◆ The problem ◆
Task for the records below: copy exactly from the first line on, stopping once the line with "当问及他参营感受时,孙师伟说" is copied, and leave out the pictures.

————————

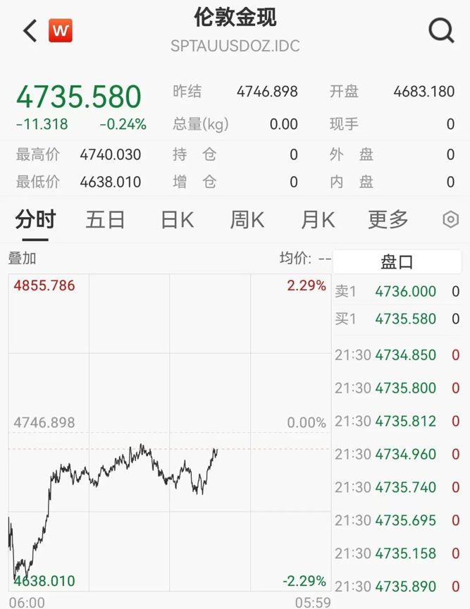 4月13日早间,伦敦黄金现货下探至4650美元的低点后,快速拉升。截至发稿,黄金现货重新站上4700美元上方。
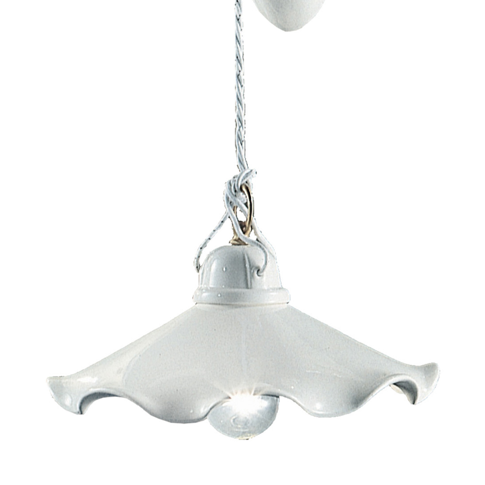 Vintage suspension lamp in iron and corrugated glossy ceramic made in Italy by Ferroluce.
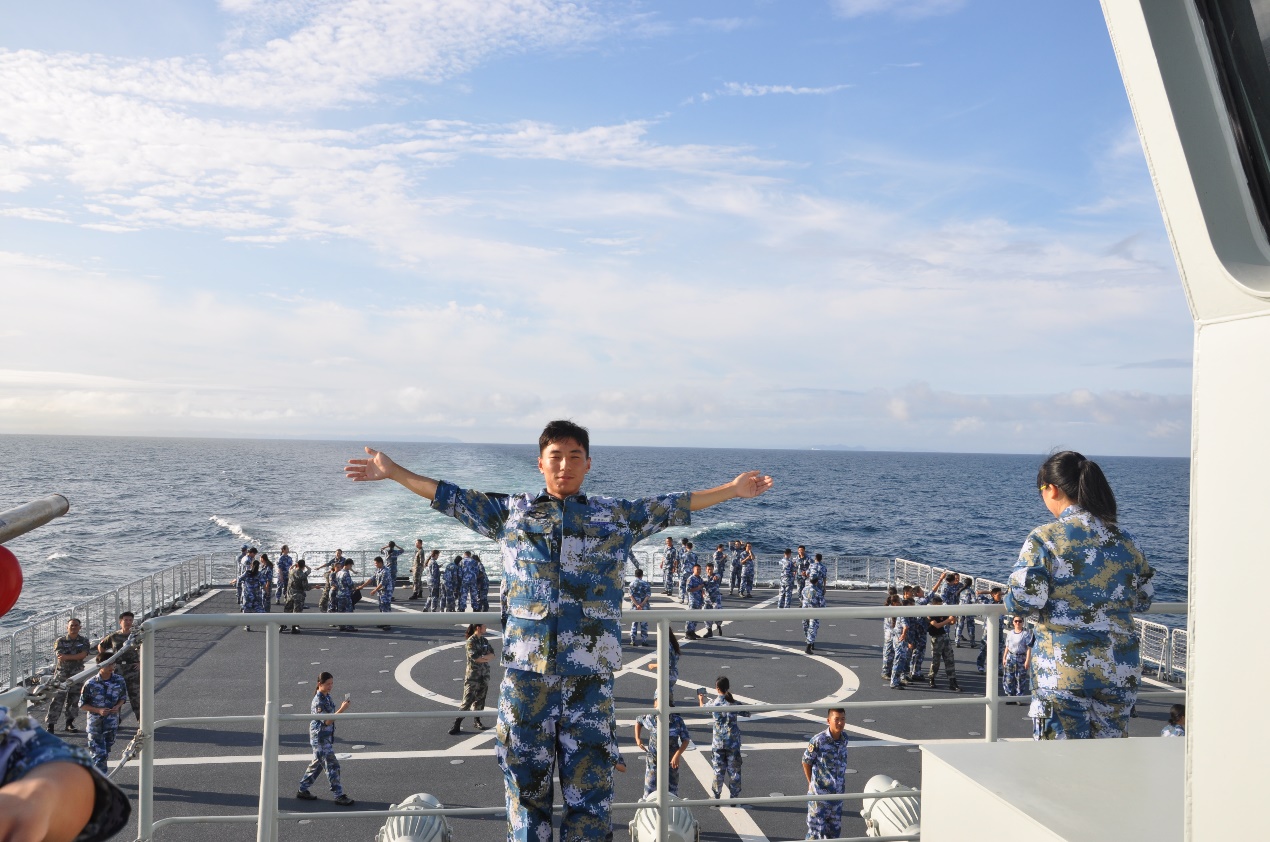 当问及他参营感受时,孙师伟说:“这次训练营活动有很多让我感动和难忘的瞬间。在八一建军节在甲板举行隆重升旗仪式的时候,那一刻,对祖国和解放军的热爱油然而生,那是来自内心深处的震撼和感动。今年正值人民解放军建军90周年,我用参加全国学生军事训练营这种方式,感受了军人的训练与生活。我深深地感觉到国家在发展壮大,我为祖国现在的繁荣富强而感到自豪。”
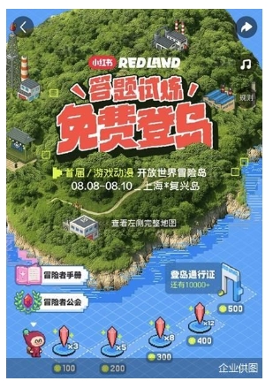 【直报网北京7月17日讯】(北京商报)7月16日,小红书正式官宣,将打造全球首个开放世界冒险岛活动“RED LAND”,并于8月8日-8月10日落地上海杨浦复兴岛。据悉,这也是小红书首个为游戏、二次元爱好者们打造的超大型线下IP。 80000平方米的线下场地,将集合宝可梦、Aniplex、东映、分子互动、阅文等旗下的20+经典人气动漫IP,以及王者荣耀、原神、赛博朋克2077、逆水寒、世界之外等30+现象级游戏IP,此外小红书也设置了10+个原创专属展台,等待玩家前来探索。“卡琳娜和揉西”、“在下悟空是也”、车保罗等众多热门Coser和艺人也将现身现场,带来独家Cos造型和趣味表演,并与登岛玩家一起逛展、零距离互动。 除了集结了众多全球人气IP,活动当晚,小红书还将为二次元、游戏爱好者们打造一场大型沉浸式游戏动漫音乐节Echo Project。这场音乐节将邀请国内外知名艺人及游戏动漫嘉宾阵容,并借助舞美设计、楼体Mapping、巨型动态投影等,现场还原大热RPG游戏与经典动画的场景氛围,为同好们打造一场全域沉浸式音乐Live。 为了让更多同好免费体验这场线下盛会,7月16日起,用户可参与小红书站内线上答题活动,也可以与其他用户一同组队通关,获取登岛资格。
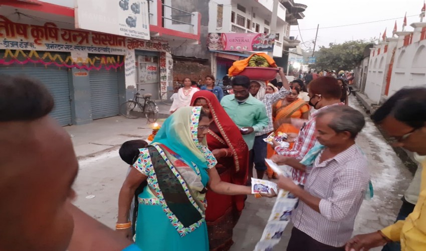 बिलरियागंज/ आजमगढ़ स्थानीय कस्बा बिलरियागंज के पंक्का पोखरा पर डुबते सुर्य को महिलाओं ने अर्घ दिय...
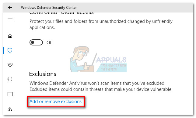 If you’re using Windows Defender, follow the guide below to add the application folder to the exclusion list:
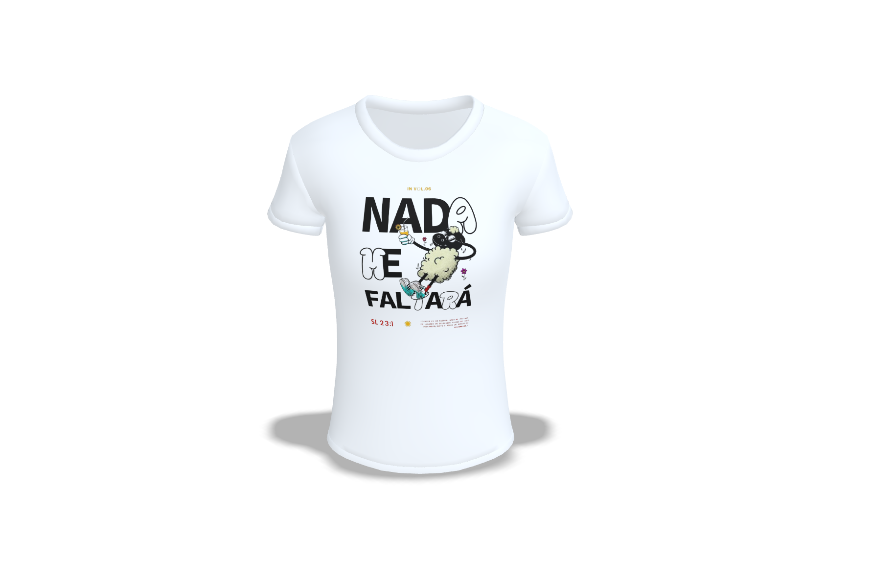 Você receberá uma camiseta branca Nada me faltará, disponível em tamanhos variados (consulte disponibilidade). Produto vendido individualmente, sem acessórios.
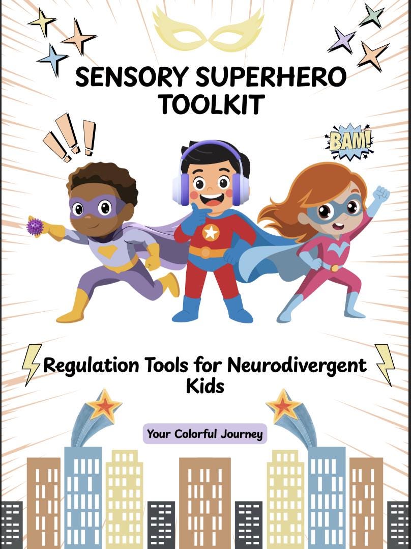 Sensory regulation tools for kids who struggle with noise, crowds, bright lights, transitions, or overwhelming environments. This child-friendly Sensory Superhero Toolkit turns complex sensory concepts into visual worksheets children can understand and use immediately.

————————

◆ Task output ◆
 4月13日早间,伦敦黄金现货下探至4650美元的低点后,快速拉升。截至发稿,黄金现货重新站上4700美元上方。
 Vintage suspension lamp in iron and corrugated glossy ceramic made in Italy by Ferroluce.
 当问及他参营感受时,孙师伟说:“这次训练营活动有很多让我感动和难忘的瞬间。在八一建军节在甲板举行隆重升旗仪式的时候,那一刻,对祖国和解放军的热爱油然而生,那是来自内心深处的震撼和感动。今年正值人民解放军建军90周年,我用参加全国学生军事训练营这种方式,感受了军人的训练与生活。我深深地感觉到国家在发展壮大,我为祖国现在的繁荣富强而感到自豪。”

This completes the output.